3.0 beta - request for comments

timgit commented 6 years ago

Hey there! I just published a beta for 3.0.0 to npm and I'd like your feedback here or even on the PR #78 if you have specific concerns.

I haven't written a migration for this version yet, so don't start this up against any existing instances, as things will likely not go very well. 😀

See the change log for details.

timclipsham commented 6 years ago

Thanks Tim. I just took a quick look over the changelog – at a high level sounds great. I'll take a more detailed look through this week.

pyrossh commented 6 years ago

@timgit I just saw that you changed Switched jsonb type in job table to json. Any particular reason for this?

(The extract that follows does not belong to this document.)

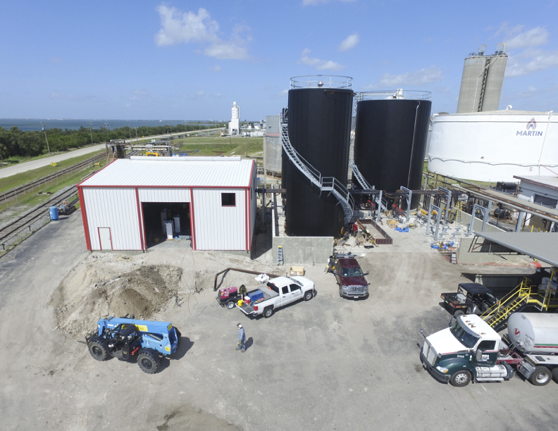 The project also includes demolition of one (1) existing API 650 tank; setting four (4) 500 HP pumps (furnished by others) and connecting them to terminal piping; providing steam jacketing and insulation for the pumps; and supplying and installing a steam snuffing system for three (3) existing tanks, with piping terminating approximately three (3) feet above grade. The new tank will be 120’-0” in diameter and 48’-0” tall, featuring a column and rafter supported cone roof, galvanized carbon steel double stringer spiral stairs, roof perimeter handrail, steam snuffing system piping, air sparger, and standard API appurtenances.

timclipsham commented 6 years ago

@timgit I've taken a look through and converted our app in dev to use pgboss v3. Ticks a lot of boxes now and the failed retryBackoff is a nice bonus! We'll ship it once the database migrations are written. Questions/thoughts below:

Having a resolved promise mark the job as done is great. We were already wrapping our job handlers to do this before, so now it has simplified our code
Following @pyros2097 comment, jsonb seems more practical than json, as then we can easily query the tables using the jsonb operators without having to first cast every row to ::jsonb. I'm sure you had a reason though, so keen to understand your perspective

Questions

Q: Are someJobName__state__completed__state__completed records expected to appear in the jobs table after an already completed job has exceeded the expiration time? (I think this happens when the someJobName__state__completed job records themselves expire) UPDATE: This was caused by my onComplete handlers not returning a resolved promise, although the same seems to happen if a onComplete handler fails
Q: Only one someJobName__state__completed job is picked up and run every newJobCheckInterval. This means if newJobCheckInterval: 1, and if I log 50 jobs that quickly complete, it will take at minimum 50 seconds to process the onComplete handlers. Is it possible to configure this?
Q: Is there a way to know what retry count a job is up to when the handler is called? (primarily wanted it to improve logging)

Issues

Bug: If retryBackoff: true and retryLimit: 0 is set, it will still retry it once (as if retryLimit was set to 1)
Existing issue: I haven't 100% confirmed this, but I think if the archive table has enough records, it slows the init time of our app because the Promise returned by boss.start() won't resolve until 1 round of archive/purge watchers have completed (a full table scan of archive would be required to check if there's anything to delete, especially if there isn't an index on archivedOn).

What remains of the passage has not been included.